In Indian food, cooking is a form
of worship just as any activity in life can be seen
as worship.
You have described eating and cooking as
forms of worship. Can you explain that?
Eating is always worship in the sense that the
body is our instrument of work and we must take care of it
in terms of diet. We should not eat simply for filling the
belly. Food should have some taste and give rise to love and
life, like most indian food does.
The body is a temple: the individual consciousness
that dwells within the body is part of the supreme consciousness.
Every effort to make our body pure and help its proper growth
and development is a form of "worship." So it is
with eating as well as cooking.
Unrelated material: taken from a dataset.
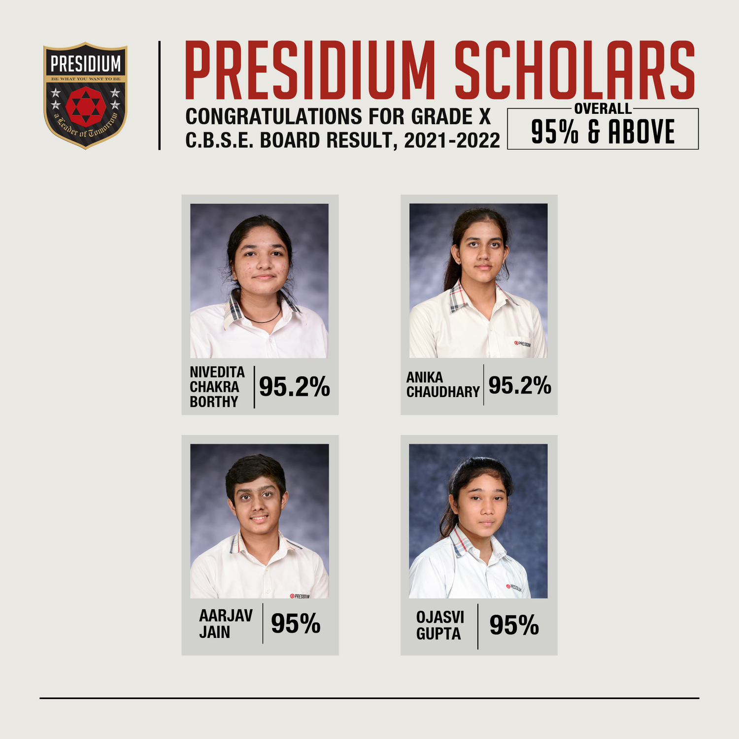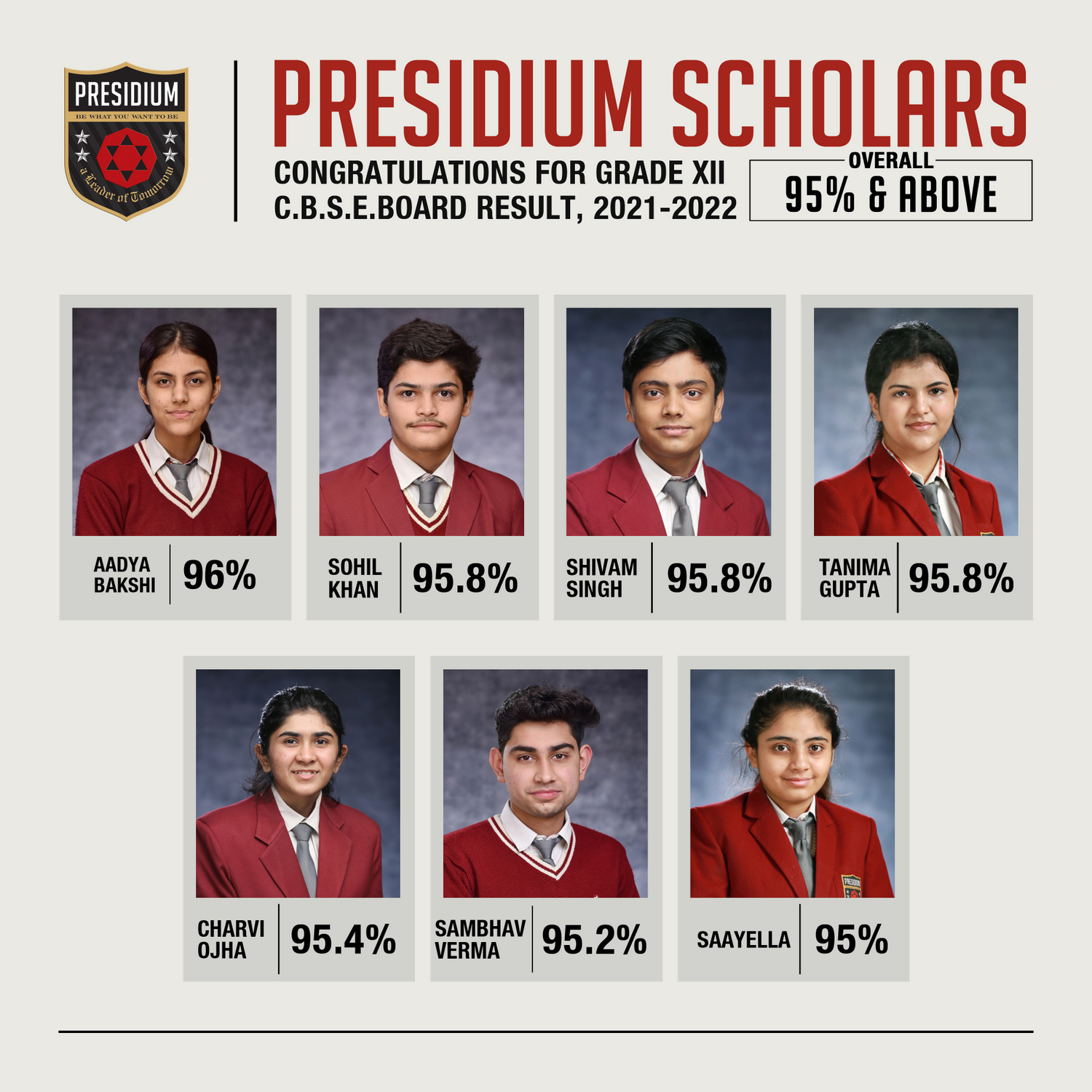 SCHOLARS WITH 95% & ABOVE AGGREGATE

Food that is cooked by someone
who does not want to cook, who is not in the proper consciousness,
will not be healthy food despite the ingredients. You may
not get sick from it, but it is not health producing. We do
not eat only the food that is cooked, but the consciousness
of the cook as well.
Cooking should be done as an offering to God.
Before eating one should first offer a portion on a separate
plate to God in meditation. It should be done slowly and deliberately
since meditation cannot be done in a hurry. In India, one
who has not taken bath and put on clean cloth will not be
allowed in the kitchen. One must be clean, and the kitchen
also must be clean before starting. The one cooking should
be in a happy mood, as should be the one who serves the indian
food. Food cooked by one who really likes to cook tastes quite
different from that food which is cooked merely out of obligation.
Bathing before cooking has a twofold effect:
preparing to bathe makes the cook more conscious of his or
her work; in this way it prepares one's mind. It also cleans,
purifies, relaxes, and removes fatigue and depression.
The art of cooking involves an emotional relationship
between the food and the cook. Cleaning, cutting, chopping
food - all these activities can be performed with a sense
of rhythm and in a relaxed manner. Cooking should be enjoyed
as much as any other art. It becomes a creative art when the
person cooking does so with complete emotional involvement.
In this way, like a clairvoyant, he or she will receive messages
through intuition, creating new tastes and evolving new recipes.
Once the cooking starts, one cannot taste the
food, nor should one try to enjoy the food being prepared
even by smelling it. If it is enjoyed first by ourselves,
it is no longer fit to offer to God.